AIM OF THE TASK »
Retype the opening lines of the data exactly, stopping after the line that contains "1. 通过官网进入到Okta". Skip every picture.

ENTRIES SUPPLIED »
*-*-*
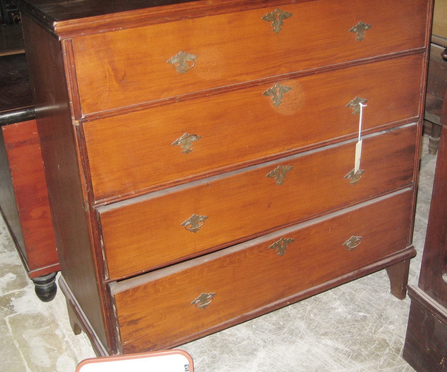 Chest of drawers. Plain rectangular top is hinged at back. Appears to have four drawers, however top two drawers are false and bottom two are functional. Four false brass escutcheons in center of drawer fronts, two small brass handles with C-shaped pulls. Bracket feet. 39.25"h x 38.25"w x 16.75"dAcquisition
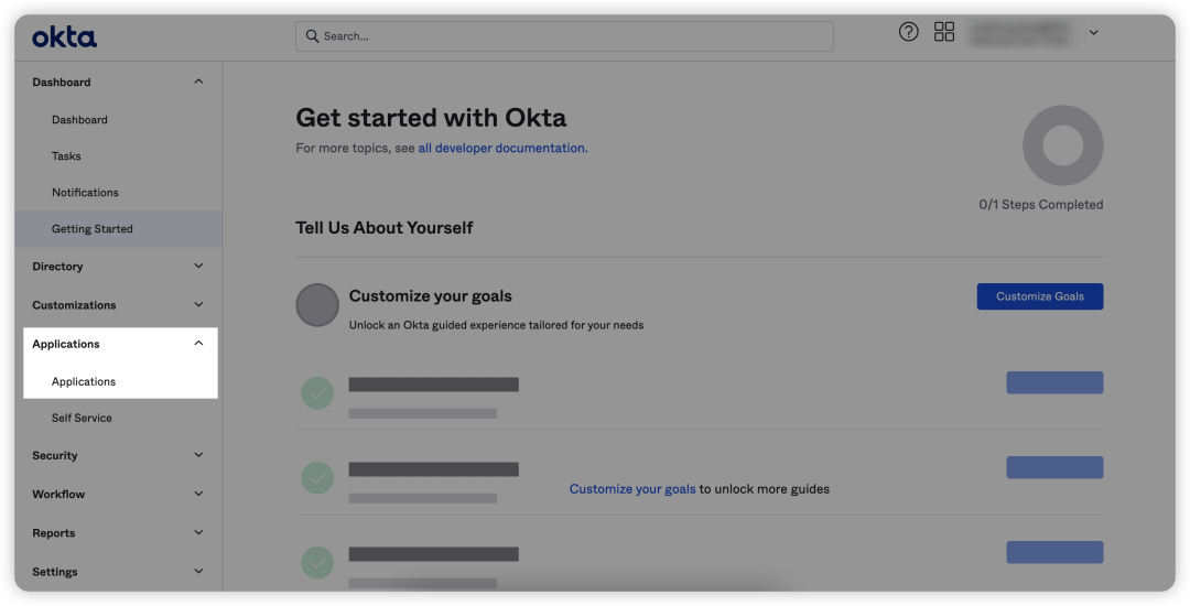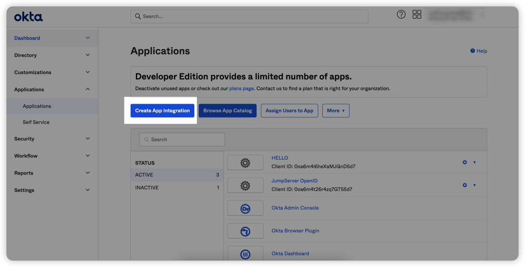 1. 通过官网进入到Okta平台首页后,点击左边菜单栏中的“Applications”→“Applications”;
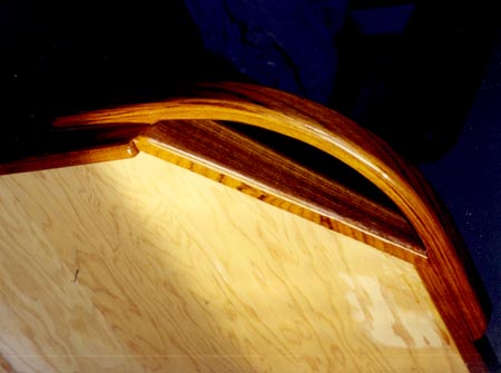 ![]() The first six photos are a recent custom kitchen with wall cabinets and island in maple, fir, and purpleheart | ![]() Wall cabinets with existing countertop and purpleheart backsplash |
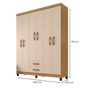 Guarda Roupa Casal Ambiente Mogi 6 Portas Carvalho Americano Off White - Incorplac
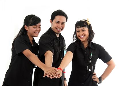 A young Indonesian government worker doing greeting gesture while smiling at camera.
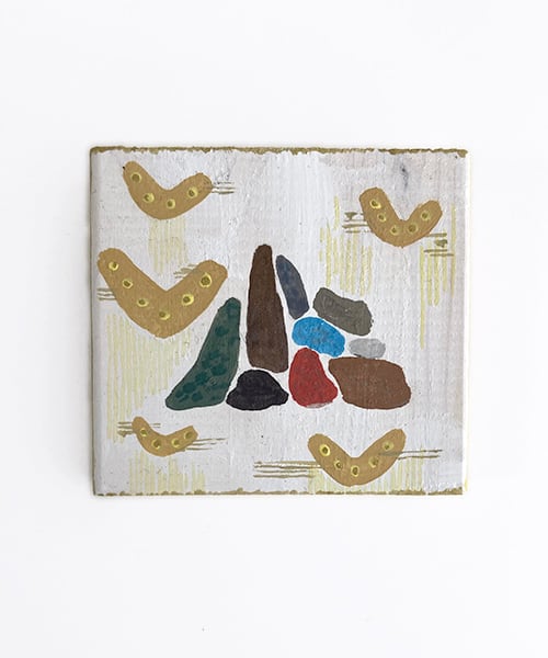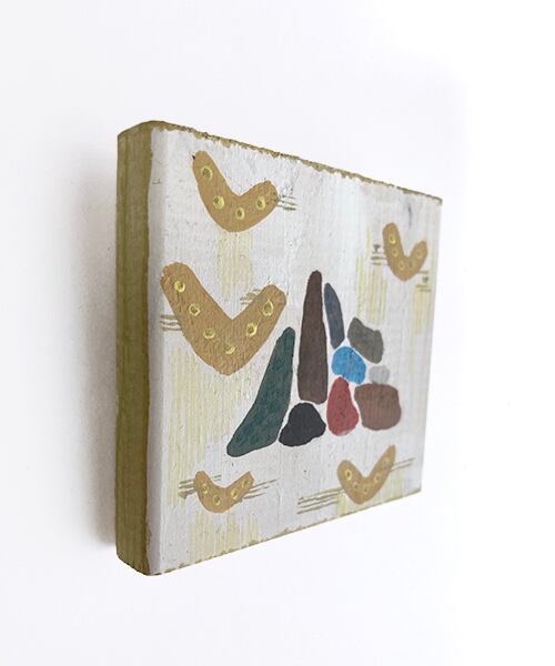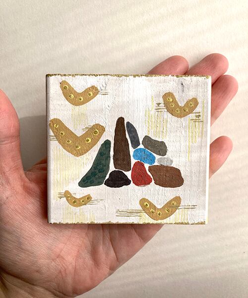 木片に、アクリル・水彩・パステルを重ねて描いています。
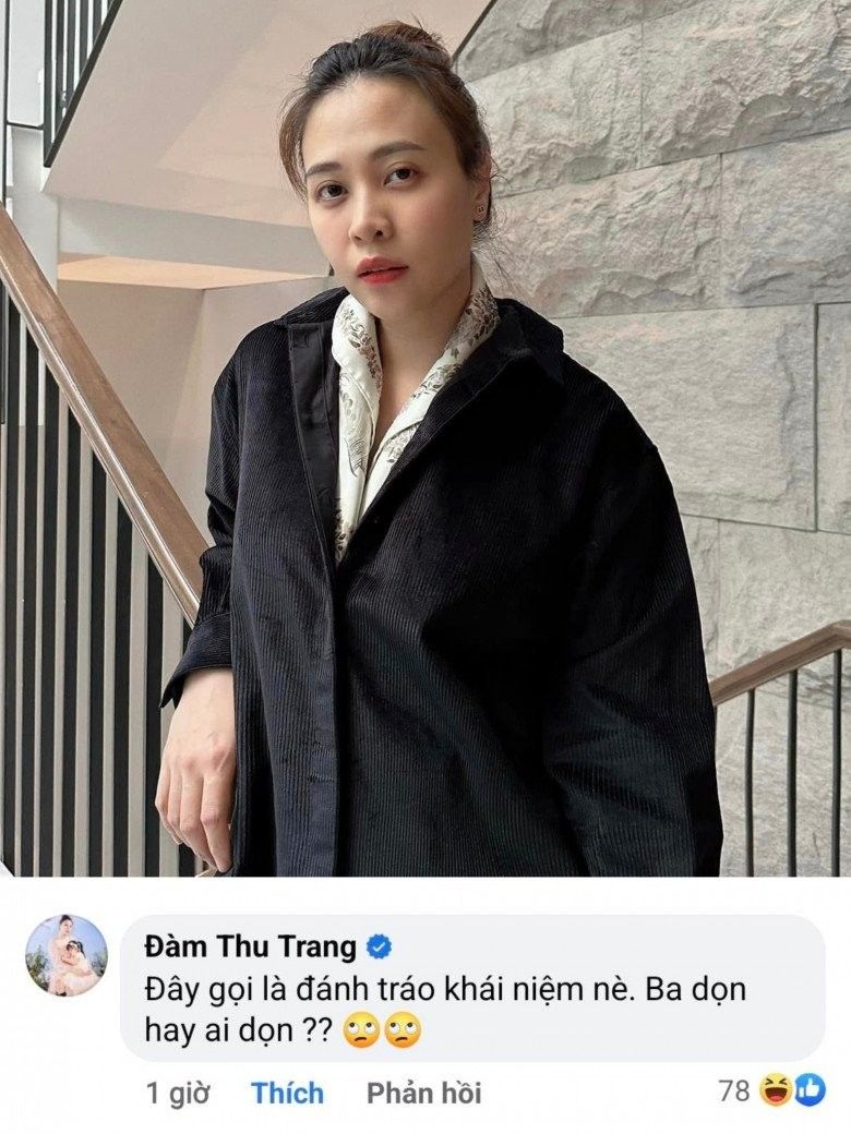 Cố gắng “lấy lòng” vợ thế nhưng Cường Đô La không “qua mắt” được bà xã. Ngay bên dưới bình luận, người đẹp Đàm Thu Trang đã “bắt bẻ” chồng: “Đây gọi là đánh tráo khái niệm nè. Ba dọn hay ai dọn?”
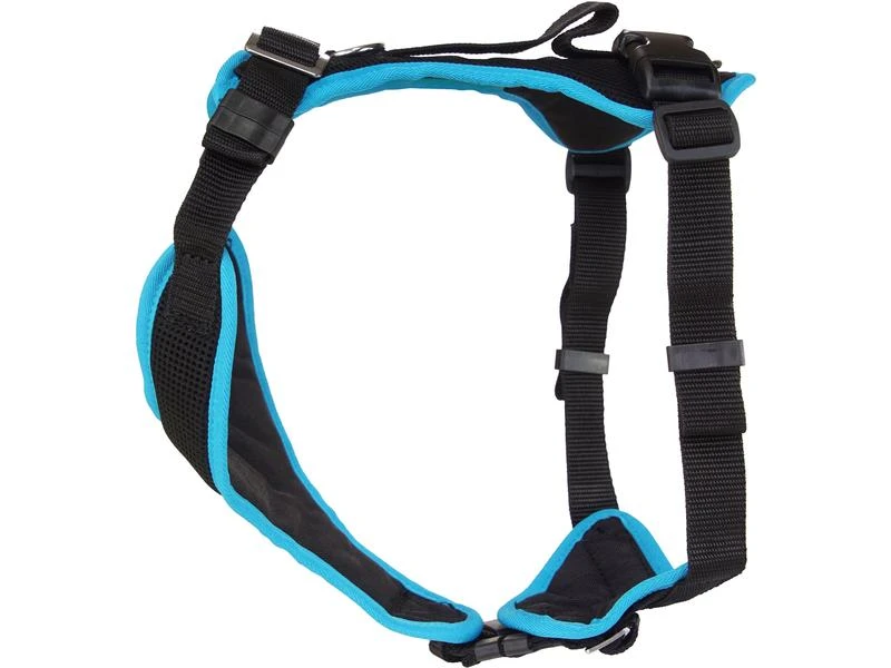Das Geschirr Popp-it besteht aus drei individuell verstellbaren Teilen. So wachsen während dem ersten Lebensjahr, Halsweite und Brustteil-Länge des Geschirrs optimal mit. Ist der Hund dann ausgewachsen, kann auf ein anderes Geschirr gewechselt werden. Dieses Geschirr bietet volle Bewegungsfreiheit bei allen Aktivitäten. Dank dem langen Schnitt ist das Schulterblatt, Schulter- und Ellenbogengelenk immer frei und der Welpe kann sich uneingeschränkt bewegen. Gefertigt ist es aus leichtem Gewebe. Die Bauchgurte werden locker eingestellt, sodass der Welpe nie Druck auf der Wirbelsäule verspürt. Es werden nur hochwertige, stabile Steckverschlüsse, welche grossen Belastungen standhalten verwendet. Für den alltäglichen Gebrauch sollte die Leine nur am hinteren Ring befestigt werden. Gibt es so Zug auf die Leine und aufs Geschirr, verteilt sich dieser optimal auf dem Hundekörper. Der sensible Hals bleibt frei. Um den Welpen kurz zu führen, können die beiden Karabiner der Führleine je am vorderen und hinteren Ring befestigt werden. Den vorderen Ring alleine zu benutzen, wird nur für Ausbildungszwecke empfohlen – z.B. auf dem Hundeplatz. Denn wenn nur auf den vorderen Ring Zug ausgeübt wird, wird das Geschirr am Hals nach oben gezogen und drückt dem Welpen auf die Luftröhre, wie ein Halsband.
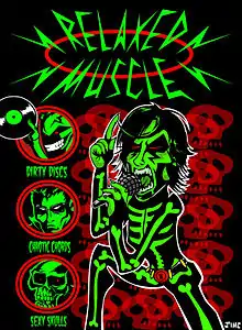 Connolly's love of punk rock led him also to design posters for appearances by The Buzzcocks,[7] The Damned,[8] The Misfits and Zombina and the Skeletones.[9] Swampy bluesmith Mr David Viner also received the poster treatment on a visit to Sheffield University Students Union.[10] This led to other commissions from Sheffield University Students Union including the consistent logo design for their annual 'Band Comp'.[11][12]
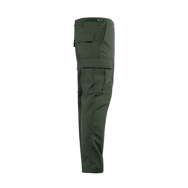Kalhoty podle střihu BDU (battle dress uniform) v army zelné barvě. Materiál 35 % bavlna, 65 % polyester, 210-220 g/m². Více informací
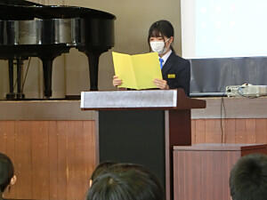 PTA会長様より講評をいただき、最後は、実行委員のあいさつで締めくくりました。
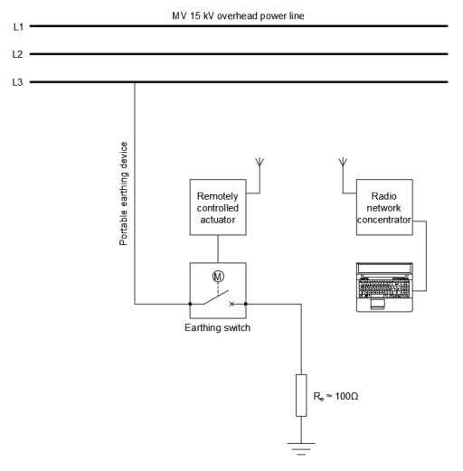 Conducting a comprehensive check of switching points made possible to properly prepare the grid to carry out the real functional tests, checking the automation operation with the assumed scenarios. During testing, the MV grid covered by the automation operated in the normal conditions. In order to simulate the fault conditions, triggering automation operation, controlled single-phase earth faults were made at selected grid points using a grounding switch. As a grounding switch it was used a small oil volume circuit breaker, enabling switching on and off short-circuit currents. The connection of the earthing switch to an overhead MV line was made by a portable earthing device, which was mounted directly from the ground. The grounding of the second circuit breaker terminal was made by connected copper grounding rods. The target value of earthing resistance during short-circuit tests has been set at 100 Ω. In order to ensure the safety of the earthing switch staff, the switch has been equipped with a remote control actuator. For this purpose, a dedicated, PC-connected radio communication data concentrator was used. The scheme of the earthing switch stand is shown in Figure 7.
*-*-*
SOLUTION »
 Chest of drawers. Plain rectangular top is hinged at back. Appears to have four drawers, however top two drawers are false and bottom two are functional. Four false brass escutcheons in center of drawer fronts, two small brass handles with C-shaped pulls. Bracket feet. 39.25"h x 38.25"w x 16.75"dAcquisition
 1. 通过官网进入到Okta平台首页后,点击左边菜单栏中的“Applications”→“Applications”;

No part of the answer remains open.